Hours: Mon - Fri 11:00 AM to 12:00 AM; Sat - Sun 5:00 PM to 12:00 AM. All major cards. Licensed. Tel.: 514-289-0998
Sometimes the craving for spice surges and almost overwhelms, and there’s only one thing that can satisfy it: good Thai food.

It’s one of those cuisines that’s incredibly difficult and inconvenient to create at home. For one thing, there’s not much you can do with those eight leftover shoots of lemongrass or 6 ounces of galangal once you’re done with the meal—that is, if you can find a grocer who stocks them. And the sheer number of exotic ingredients—kaffir lime leaves, balsam, Thai basil, jasmine, coconut milk and the aforementioned galangal and lemongrass, make for a daunting cooking session.

So I just leave it up to the pros.

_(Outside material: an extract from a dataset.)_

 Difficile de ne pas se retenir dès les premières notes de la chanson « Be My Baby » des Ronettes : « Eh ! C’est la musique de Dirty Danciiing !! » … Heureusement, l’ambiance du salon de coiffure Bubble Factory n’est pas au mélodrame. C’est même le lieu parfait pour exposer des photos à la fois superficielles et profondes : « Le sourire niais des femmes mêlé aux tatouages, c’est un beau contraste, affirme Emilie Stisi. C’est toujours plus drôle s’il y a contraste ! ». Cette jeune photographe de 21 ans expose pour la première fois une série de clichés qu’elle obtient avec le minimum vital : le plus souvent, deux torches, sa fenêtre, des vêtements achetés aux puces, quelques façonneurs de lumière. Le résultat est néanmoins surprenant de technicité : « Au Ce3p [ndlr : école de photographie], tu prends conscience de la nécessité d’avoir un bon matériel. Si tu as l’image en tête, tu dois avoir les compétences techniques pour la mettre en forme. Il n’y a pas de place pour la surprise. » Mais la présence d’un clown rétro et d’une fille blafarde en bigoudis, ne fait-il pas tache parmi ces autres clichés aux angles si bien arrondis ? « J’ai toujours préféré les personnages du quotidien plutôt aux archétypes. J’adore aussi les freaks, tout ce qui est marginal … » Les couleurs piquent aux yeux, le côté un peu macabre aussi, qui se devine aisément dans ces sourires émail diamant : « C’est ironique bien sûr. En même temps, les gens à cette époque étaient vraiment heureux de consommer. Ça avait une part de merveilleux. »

In this case, the pros were cooking at Red Thai, a restaurant that has definitely never appeared on my radar, although it’s been around a while.

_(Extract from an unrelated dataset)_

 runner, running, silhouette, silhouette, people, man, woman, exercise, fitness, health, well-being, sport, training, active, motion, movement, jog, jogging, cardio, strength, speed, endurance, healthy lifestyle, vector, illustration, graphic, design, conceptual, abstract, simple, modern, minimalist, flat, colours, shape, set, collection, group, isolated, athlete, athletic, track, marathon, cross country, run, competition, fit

If you can get past the weird decor—one almost feels like one is in some bizarre theme park, what with the odd fake-leopard skin seat covers and the grotesquely ornate Buddha that squats munificently in the center of the room—you’ll be in for a good Thai experience.

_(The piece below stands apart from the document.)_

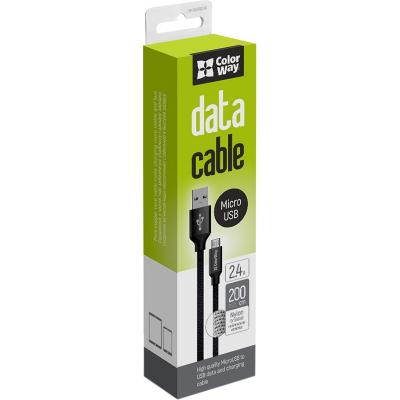 Дата кабель USB 2.0 AM to Micro 5P 2.0m black ColorWay (CW-CBUM009-BK) Тип - кабель, Тип коннектора 1 - USB 2.0, Тип коннектора 2 - micro USB, длина - 2 м, Номинальный ток - 2.4 А, нейлоновое покрытие, Цвет - черный

The menu, while not inordinately vast, is nonetheless comprehensive. The mains are divided into chicken, beef, pork, duck, shrimp, fish, seafood and vegetarian.

As restaurants go, Red Thai is on the expensive side. An à-la-carte chicken dish, say Gai Phara Ram (sautéed grain-fed chicken in a peanut sauce with crispy chicken) is $14.95, while a Kung Tord Ka Tiem Prik Tai (Grilled Mekong scampies in a lime and Tamarin juicy garlic sauce) will set you back $24.95.

Most of the mains, however, fall in around the $17 range.

In the table d’hôte department, there’s the intriguing “Imperial dinner,” which includes a tasting menu of plates such as “Red Thai grain chicken Saté with Wasabi peanut sauce” and “Lobster salad with mangoes and green mint leaves,” along with a Tom Yum soup and a main course of perhaps “Duck magret with ‘Keochai’ Chef’s sauce.” This goes for $85 for two. There’s a similar “Sampler for 2” for $69 and several table d’hôtes at around $25.

The Poe Pia (Thai imperial rolls, $4.95) were four tightly packed little logs on an attractive bed of fresh lettuce in a boat-shaped dish and were accompanied by a zesty vinaigrette. They were crunchy and spicily toothsome.

An amazing standout was the Ostrich Saté, two skewers of moistly tender ostrich in a vaguely curry/teriyaki and sesame glaze; they were reminiscent of particularly good filet mignon. Not at all what one expects from a 7-foot feather duster.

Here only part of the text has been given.